Location
- Country: Canada
- Province: Ontario
- Region: Northeastern Ontario
- District: Nipissing

Physical characteristics
- Source: Unnamed lake
- • location: Boulter Township
- • coordinates: 46°08′57″N 79°01′28″W﻿ / ﻿46.14917°N 79.02444°W
- • elevation: 402 m (1,319 ft)
- Mouth: Lake Nosbonsing
- • location: East Ferris
- • coordinates: 46°11′24″N 79°12′31″W﻿ / ﻿46.19000°N 79.20861°W
- • elevation: 237 m (778 ft)

Basin features
- River system: Saint Lawrence River drainage basin

= Depot Creek (Lake Nosbonsing) =

Depot Creek is a river in Nipissing District in Northeastern Ontario, Canada. It is in the Saint Lawrence River drainage basin and is a tributary of Lake Nosbonsing.
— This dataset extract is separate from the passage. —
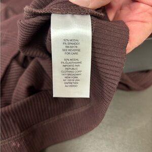 Elevate your wardrobe with this Moda ribbed long sleeve top. The rich brown color adds a touch of elegance to any outfit. Perfect for both casual and formal occasions.

The creek begins at an unnamed lake in geographic Boulter Township and flows southeast to Guilmette Lake, then turns west to Sobie Lake. The river heads northwest into the municipality of Chisholm, continues northwest into the municipality of East Ferris, and reaches its mouth at Lake Nosbonsing. Lake Nosbonsing flows via the Kaibuskong River, the Mattawa River and the Ottawa River to the Saint Lawrence River.

The river was originally called Nosbonsing River, but renamed to Depot Creek when the J.R. Booth Company established a logging depot there. It was used to float logs down to Lake Nosbonsing, and the company diverted the waters from the Wasi River for a while to boost its flow.